I Need a Plan, Bp Bf Returning From Out of Town Posted: 11-11-07 08:35am
I had shared in a previous post about
dealing with feelings of rejection...
since my bf is returning from out of town,
I need a plan to deal with this without it
driving me crazy. Before he left town he
dr. increased his meds to 900mg Trileptal
daily and 20mg Lexapro Daily,from talking
to him on the phone it doesnt seem to be
producing positive results. We had quite a
few "discussions" before he left about his
lack of enthusiasm and passion-and sex. I
asked him if he wanted to continue this
relationship and if he loved me, he does
but gets so frustrated when I complain
about it.
He comes home Tuesday, I need to somehow
prepare myself. Sometimes I feel very
resentful that I have to find ways to
cope, instead of him just seeing what this
does to me and changing. I guess when I
see him turn it on for other people and
then go into a shell with me sometimes..
I need to do something, or we are going to
go through the same cycle come
Tuesday...He loves me for a few
days....Slowly turns it off...I feel hurt
and rejected....
|
BoneyardDiva
Experienced User , Rather EHEALTHy
Joined: 26 Sep 2007 Posts: 72 Location: Nunya, USA
Posted: 11-11-07 22:21pm
Have you considered leaving the
relationship? If things have become a
cycle of love-hurt-love again, perhaps
ending things is the best idea. Otherwise,
perhaps suggesting joint therapy is a good
idea.
BYD
|
Angel1969
New User, Becoming EHEALTHy
Joined: 17 Oct 2007 Posts: 15
Posted: 11-13-07 07:43am
No, not for a moment...I think he has had
too many woman who truly didn't care
enough to stick it out, and I love him.
When he is not being distant things are
wonderful.
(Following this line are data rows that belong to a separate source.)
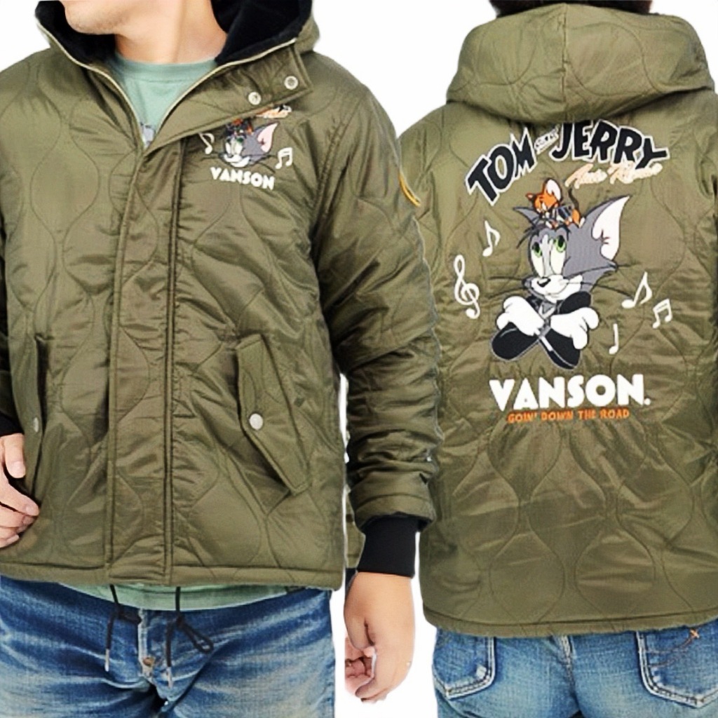 -開關倉庫- 日本 VANSON × TOM&JERRY 聯名 絎縫 連帽外套 TJV-2442 黑/綠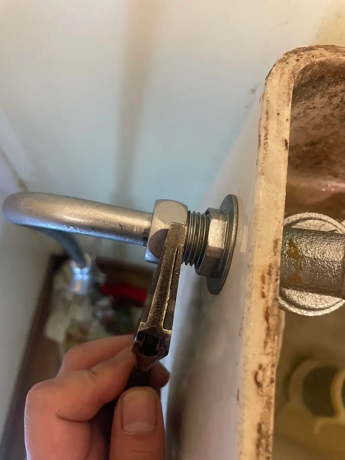 名張市さつき台で発生したトイレのタンク水漏れに対し、部品調整で解消させていただきました。
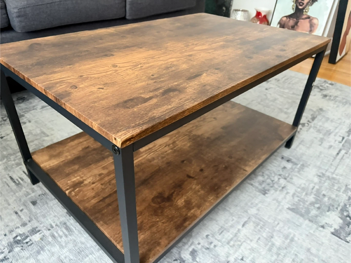 Selling a brown coffee table with a shelf. It's in great condition and would look great in any living room! The table has a sturdy metal frame and a wood-grain top and shelf. Perfect for storing books, magazines, or other items

However we discussed his desire
to go off his meds, I asked him to talk to
his Dr. I have now learned he did'nt and
has indeed been off. I asked him how long
he said a week but could not remember. I
am very concerned because he was vague
about the symptoms he is having and he
comes home today. I would rather deal with
the lethargic and distant side of him on
meds than risk something bad happening off
meds. I wanted to discuss but he brushed
me off ( working at 9:30pm) and I wont see
him until the airport today..
|
BoneyardDiva
Experienced User , Rather EHEALTHy
Joined: 26 Sep 2007 Posts: 72 Location: Nunya, USA
Posted: 11-14-07 12:04pm
I really don't know what else to suggest.
I wish you luck. Loving someone with
bipolar disorder can be challenging, but
it can also be very rewarding.
BYD
|
Angel1969
New User, Becoming EHEALTHy
Joined: 17 Oct 2007 Posts: 15
Posted: 11-15-07 10:28am
Well things are going alright ( no Meds )
He has insomnia but an out of this world
sex drive. Maybe I am being selfish..But I
like this version of him. He is struggling
internally but just cant put it into words
for me. Is medication really neccessary?
He is high successful ( on and Off meds )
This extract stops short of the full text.